▶ _Entries shown_:
_ _ _ _

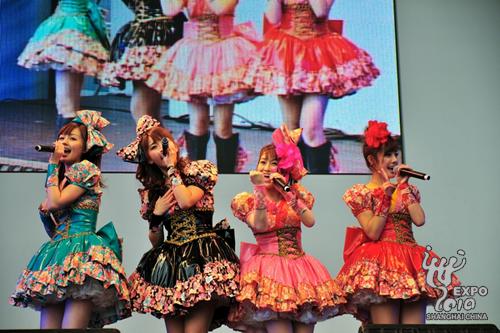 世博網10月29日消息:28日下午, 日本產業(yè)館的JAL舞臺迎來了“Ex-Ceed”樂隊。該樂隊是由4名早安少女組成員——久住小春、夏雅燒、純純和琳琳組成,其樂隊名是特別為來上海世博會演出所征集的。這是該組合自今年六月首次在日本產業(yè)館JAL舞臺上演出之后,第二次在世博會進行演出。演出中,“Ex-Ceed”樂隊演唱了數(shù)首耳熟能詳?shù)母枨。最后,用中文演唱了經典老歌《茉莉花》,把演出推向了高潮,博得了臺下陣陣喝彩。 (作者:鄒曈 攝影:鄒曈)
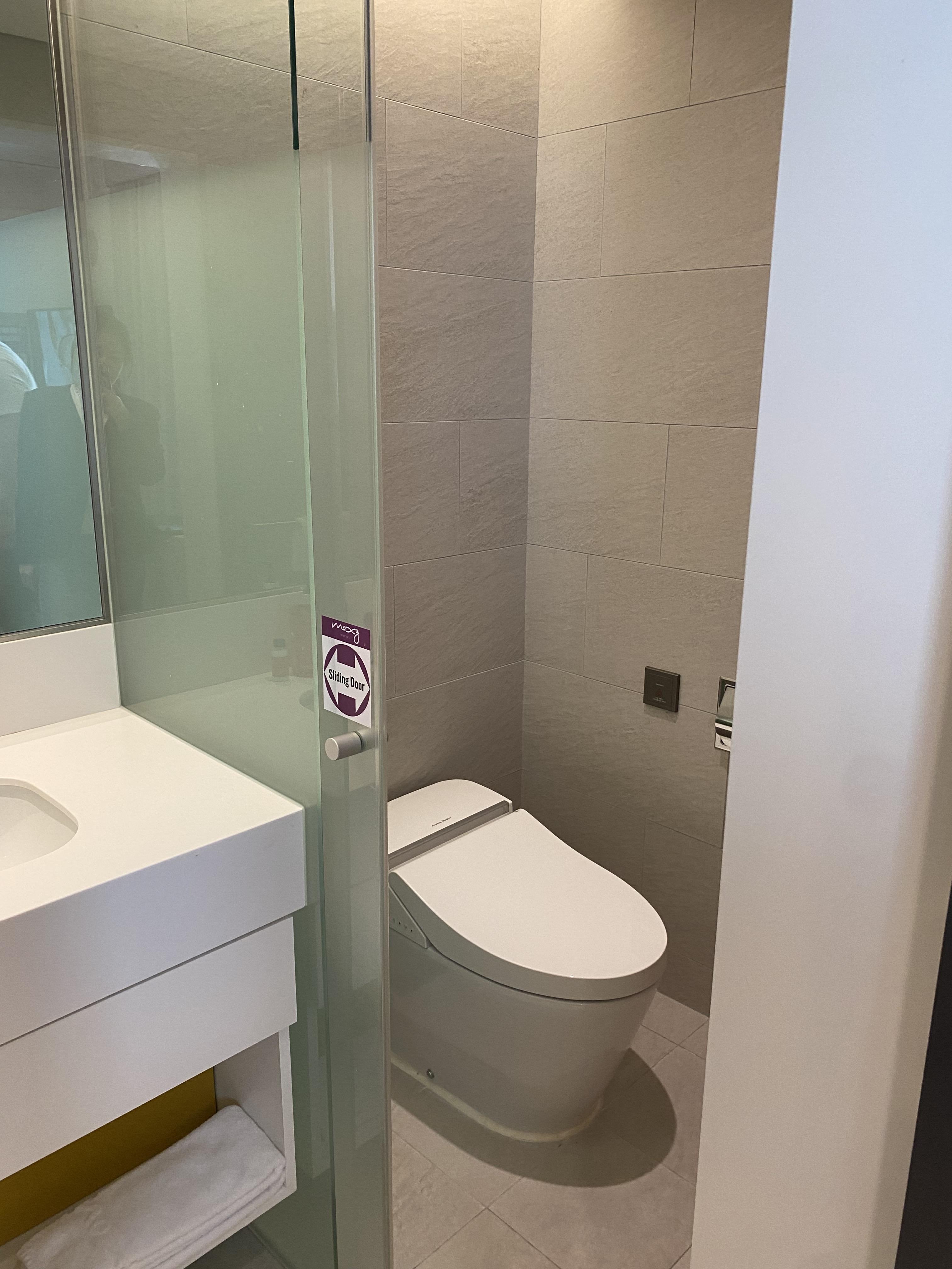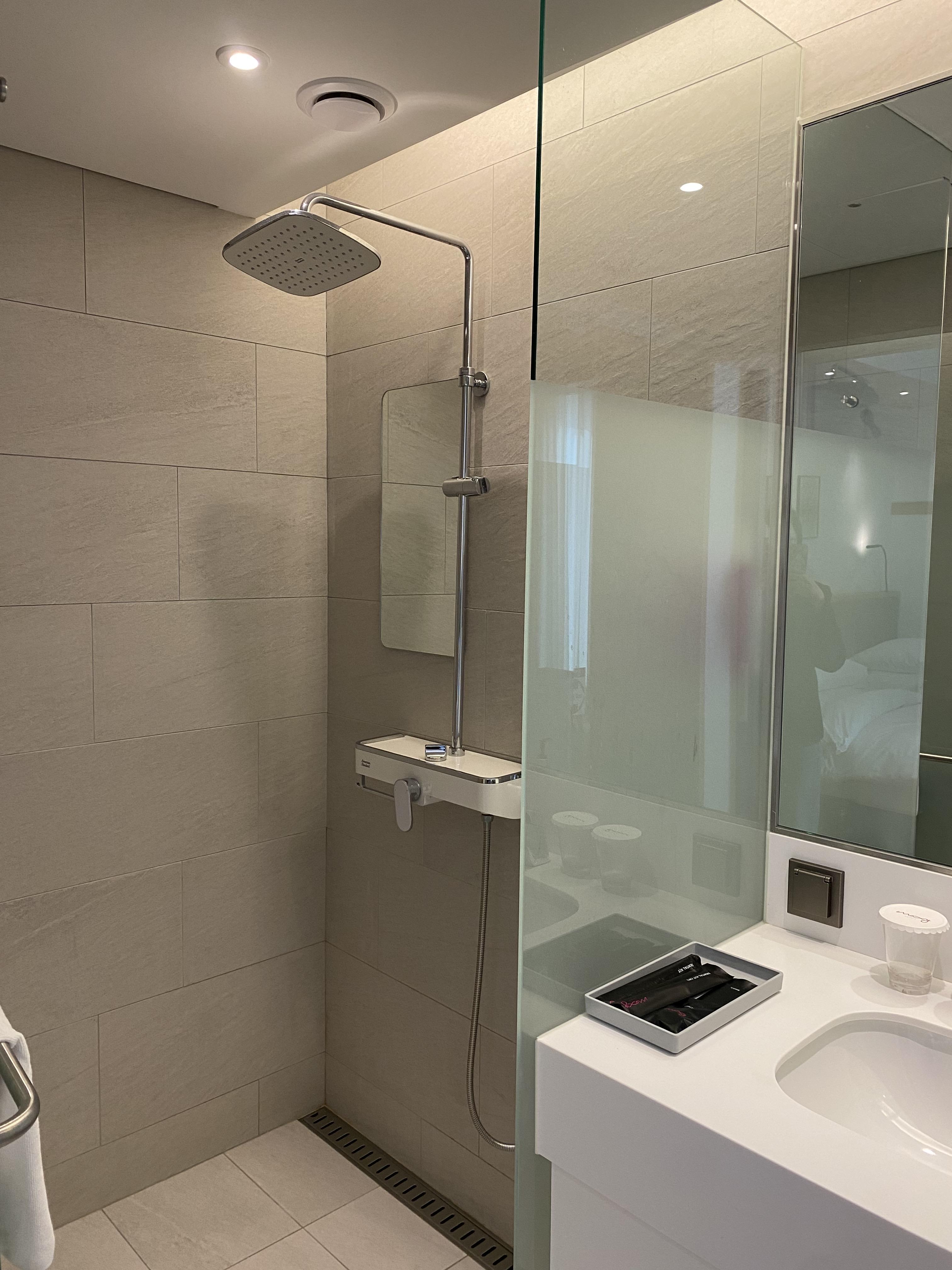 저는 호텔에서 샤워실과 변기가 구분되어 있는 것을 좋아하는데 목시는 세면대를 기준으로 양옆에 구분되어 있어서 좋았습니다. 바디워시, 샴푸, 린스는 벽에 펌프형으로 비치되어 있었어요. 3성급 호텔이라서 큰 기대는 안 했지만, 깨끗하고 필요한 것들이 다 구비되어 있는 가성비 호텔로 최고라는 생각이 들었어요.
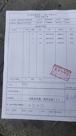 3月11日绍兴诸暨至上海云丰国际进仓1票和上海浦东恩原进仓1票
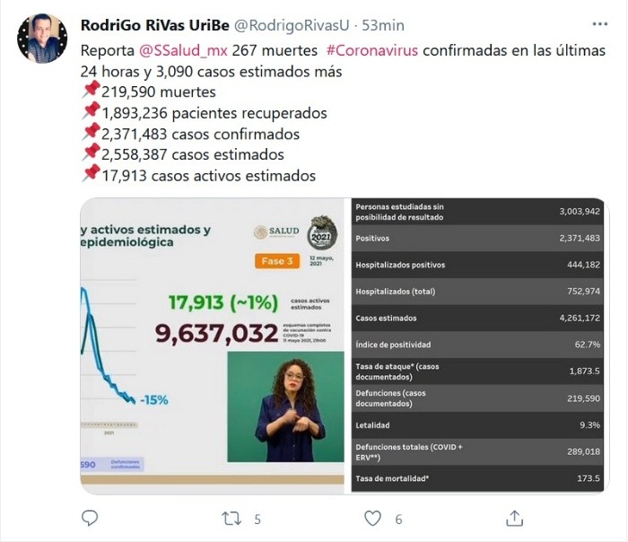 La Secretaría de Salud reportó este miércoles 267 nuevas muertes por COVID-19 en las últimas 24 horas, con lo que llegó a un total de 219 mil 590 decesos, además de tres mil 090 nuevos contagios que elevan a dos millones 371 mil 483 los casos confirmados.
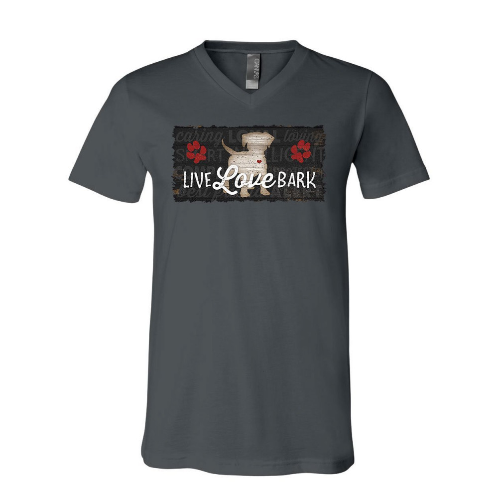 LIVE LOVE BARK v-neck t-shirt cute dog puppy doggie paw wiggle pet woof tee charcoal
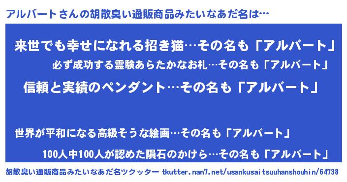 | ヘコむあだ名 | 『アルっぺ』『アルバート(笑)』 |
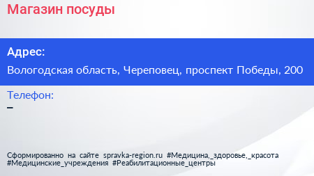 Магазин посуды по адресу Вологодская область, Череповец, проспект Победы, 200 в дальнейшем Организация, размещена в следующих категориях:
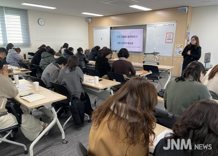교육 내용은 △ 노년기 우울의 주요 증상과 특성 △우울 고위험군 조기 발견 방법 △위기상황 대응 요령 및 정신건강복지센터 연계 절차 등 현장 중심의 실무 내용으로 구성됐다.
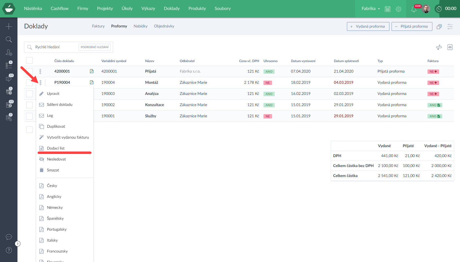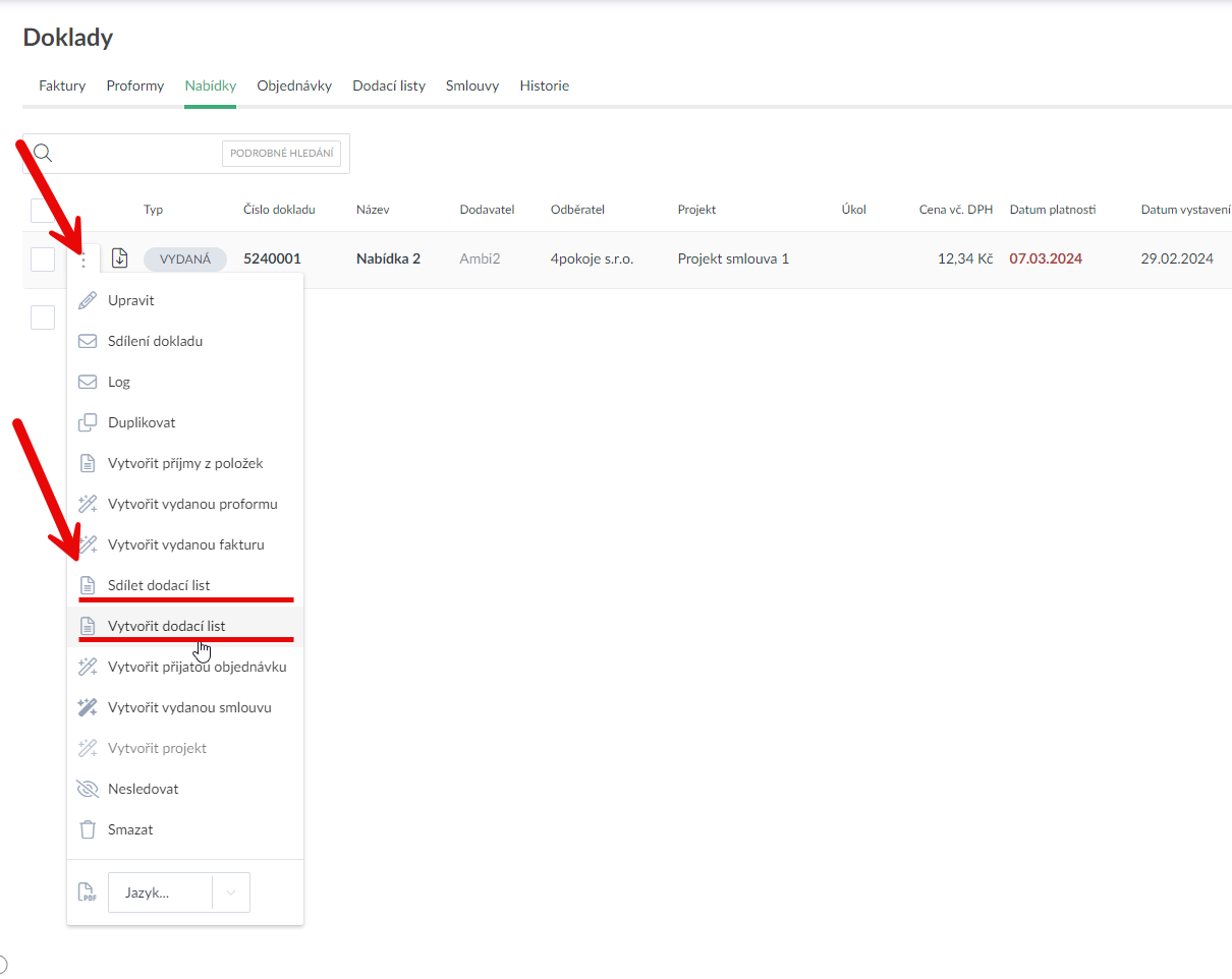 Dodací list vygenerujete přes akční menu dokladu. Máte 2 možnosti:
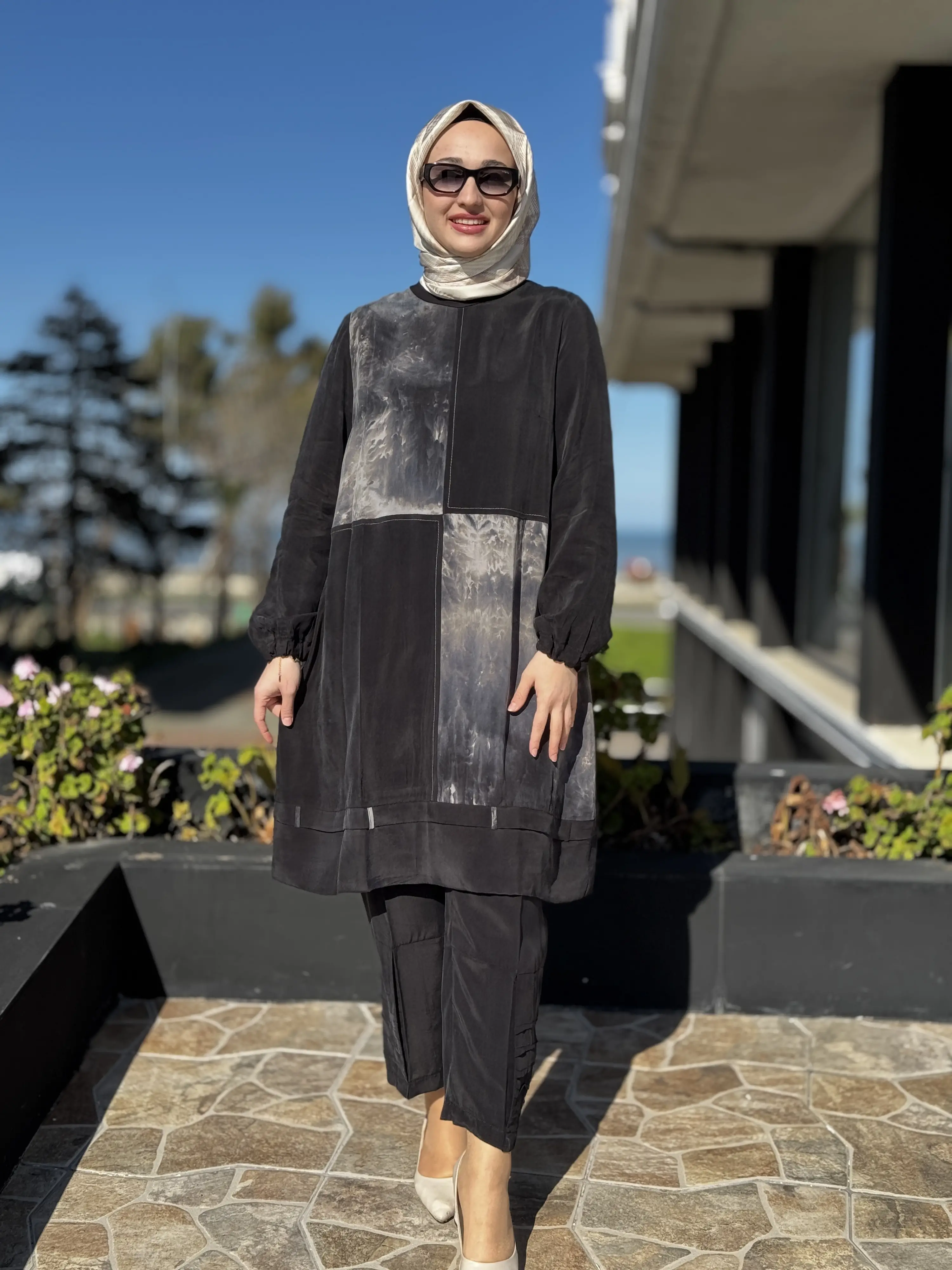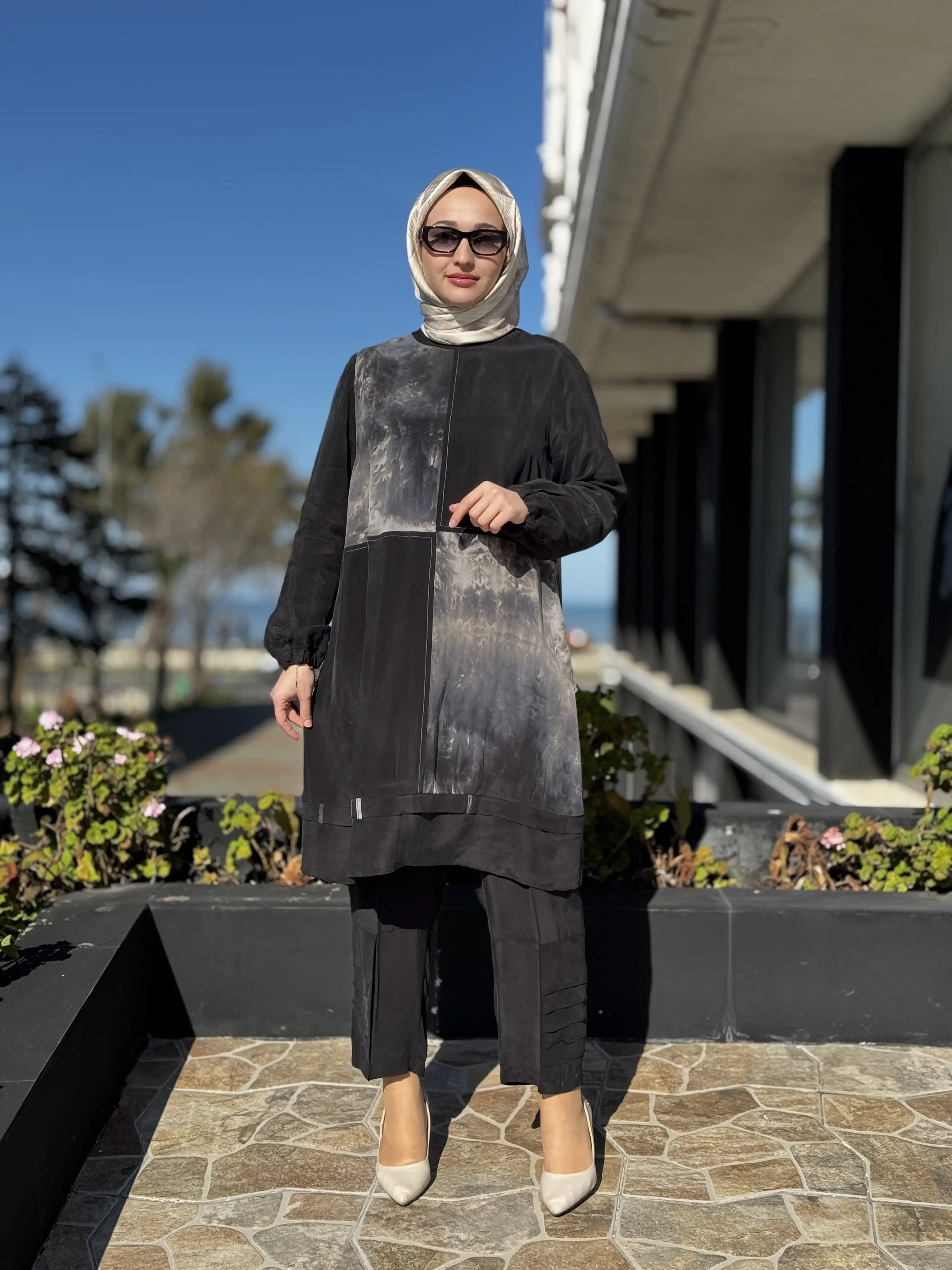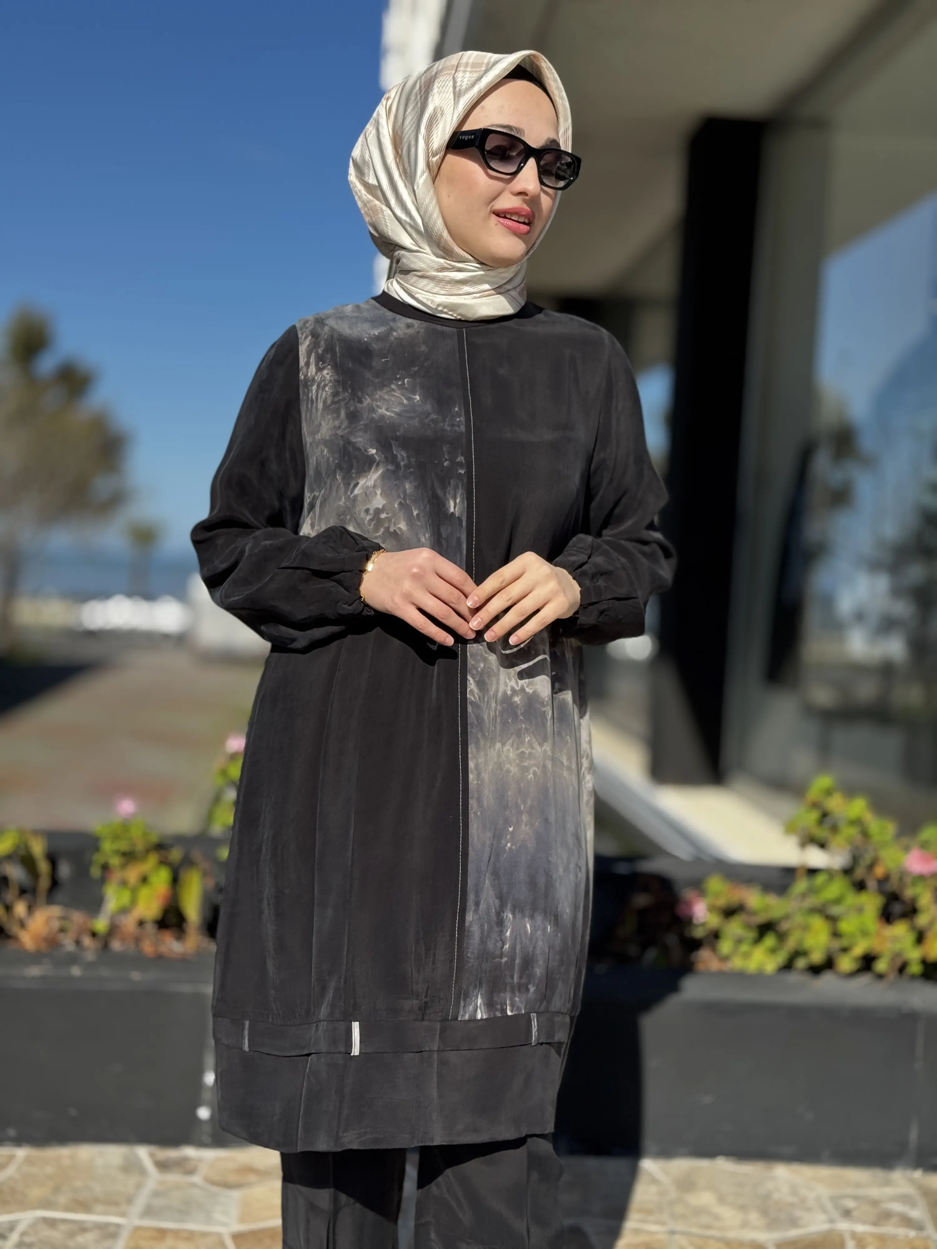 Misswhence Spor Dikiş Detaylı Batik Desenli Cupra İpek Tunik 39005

_ _ _ _

▶ _Work to be completed_:
Pictures are to be omitted from the copy, and only the lines from the one containing "Магазин посуды по" through the final line of the listing above are to be written out exactly.

▶ _Answer area_:
 Магазин посуды по адресу Вологодская область, Череповец, проспект Победы, 200 в дальнейшем Организация, размещена в следующих категориях:
교육 내용은 △ 노년기 우울의 주요 증상과 특성 △우울 고위험군 조기 발견 방법 △위기상황 대응 요령 및 정신건강복지센터 연계 절차 등 현장 중심의 실무 내용으로 구성됐다.
 Dodací list vygenerujete přes akční menu dokladu. Máte 2 možnosti:
 Misswhence Spor Dikiş Detaylı Batik Desenli Cupra İpek Tunik 39005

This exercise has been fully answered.